Find Paying Customers Before You Write a Line of Code
The most expensive mistake in bootstrapping is building something nobody will pay for. It is expensive not only in wasted development time but in the psychological cost of discovering the problem after the product exists and the launch has been announced. The antidote is to sell before you build.
This is not a new idea. But it remains underused because it requires founders to have uncomfortable conversations with strangers at a moment when they have very little to show. Showing a deck or a Figma mockup and asking someone to commit money to it feels premature. It is also exactly the right signal to collect.

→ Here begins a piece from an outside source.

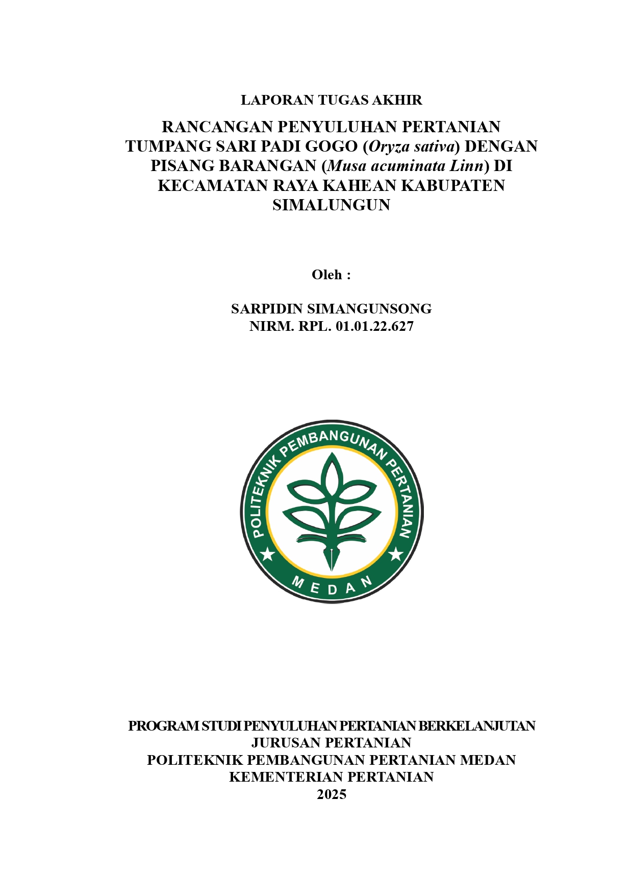 Sarpidin Simangunsong NIRM. RPL.01.01.22.627. Jurusan Pertanian Program Studi Penyuluhan Pertanian Berkelanjutan.” Rancangan Penyuluhan Pertanian Tumpang Sari Padi Gogo (Oryza sativa) dengan Pisang Barangan (Musa acuminata Linn) di Kecamatan Raya Kahean Kabupaten Simalungun”. Tujuan dari penelitian ini adalah untuk merancang kegiatan penyuluhan tentang tumpang sari padi gogo dengan pisang barangan (materi, metode, media, volume, lokasi, waktu, biaya penyuluhan pertanian) di Kecamatan Raya Kahean untuk mengetahui tingkat penerimaan petani terhadap rancangan penyuluhan tumpang sari padi gogo dengan pisang barangan. Penelitian ini dilaksanakan di Kecamatan Raya Kahean, Kabupaten Simalungun pada bulan April sampai dengan bulan Juli tahun 2024. Metode pengumpulan data yang digunakan yaitu data primer yang dilakukan dengan kuesioner dan wawancara terhadap petani dan data sekunder yang dikumpulkan dari pihak ketiga atau literatur terdahulu, sementara metode analisis data menggunakan skala likert. Metode yang digunakan yaitu ceramah diskusi dan demonstrasi cara, dan untuk media yang digunakan yaitu berupa leaflet, volume penyampaian materi dilaksanakan sebanyak 1 kali pertemuan, lokasi pelaksanaan dilakukan di rumah ketua poktan yang memiliki lahan padi gogo dan pisang barangan, waktu pelaksanaan penyuluhan dilakukan sekitar jam 09.00 WIB s/d 11.00 WIB, dan biaya penyuluhan pertanian berkisan Rp. 200.000. Berdasarkan hasil dari pelaksanaan tugas akhir, tingkat kesesuaian dari rancangan penyuluhan yang dilakukan maka hasilnya adalah sebagai berikut untuk sasaran penyuluhan sebesar 83,59%, materi penyuluhan sebesar 81,69%, metode penyuluhan sebesar 84,67%, media penyuluhan sebesar 89,22%, volume penyuluhan sebesar 86,44%, lokasi penyuluhan sebesar 88,81%, waktu penyuluhan sebesar 88,40%, biaya penyuluhan sebesar 86,84%, dan pelaksana penyuluhan pertanian 84,54%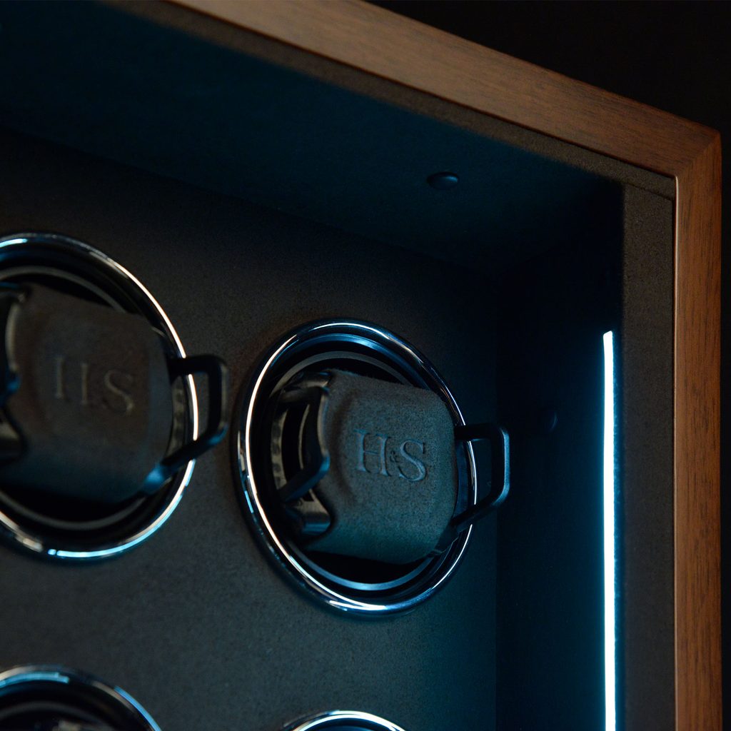 S technologií H&S Fin-Protect jsou hodinky uvnitř natahovače zajištěny moderním zámkem na otisk prstu. Přímo na natahovači lze naprogramovat až 5 otisků prstů a v případě potřeby je opět vymazat. Funkce H&S Smart-Sleep zajišťuje, že se rotory neotáčejí mezi 22.00 a 11.00 a napodobuje běžný rytmus nošení automatických hodinek. Rotory během spánkové fáze zcela utichnou, takže natahovač lze umístit i v ložnici, aniž byste se museli obávat rušení spánku. Inteligentní řídicí elektronika zajišťuje, že naprogramované otáčky denního intervalu jsou vždy udržovány, i když je aktivní fáze spánku.

The mechanics are simple. Identify the specific person who has the problem your product will solve. Not the type of person — the actual individual, or the closest proxy to them you can reach. Describe the problem. Describe the solution in plain language, without the product existing. Ask whether, if this solution existed and worked as described, they would pay for it and at what price. Then ask them to pay a deposit or commit in writing.
The conversation will teach you several things that no amount of building will. You will learn whether the problem is real or theoretical — people who have a painful problem speak about it with specificity; people who do not have it respond with vague enthusiasm. You will learn whether your framing of the solution is comprehensible. You will learn what objections exist before you have committed months of work to a product that cannot answer those objections.
Pre-sales are also a bootstrapping mechanism in the most literal sense. Money collected before the product is built is money that funds building it. This is particularly effective in B2B markets, where buyers are accustomed to purchasing software that is roadmapped, not yet fully shipped. An enterprise that will pay $50,000 for a solution to a real operations problem is not waiting for a polished app store listing — they are waiting for someone to take the problem seriously.
The failure mode of pre-sales is collecting soft interest and treating it as validation. Soft interest — “yeah, that sounds interesting, keep me posted” — is nearly worthless. What validates the idea is money changing hands, or a signed letter of intent, or a very specific commitment from someone with authority to buy. Everything short of that is noise.
Start with the customer. Build toward them. The code is the last part.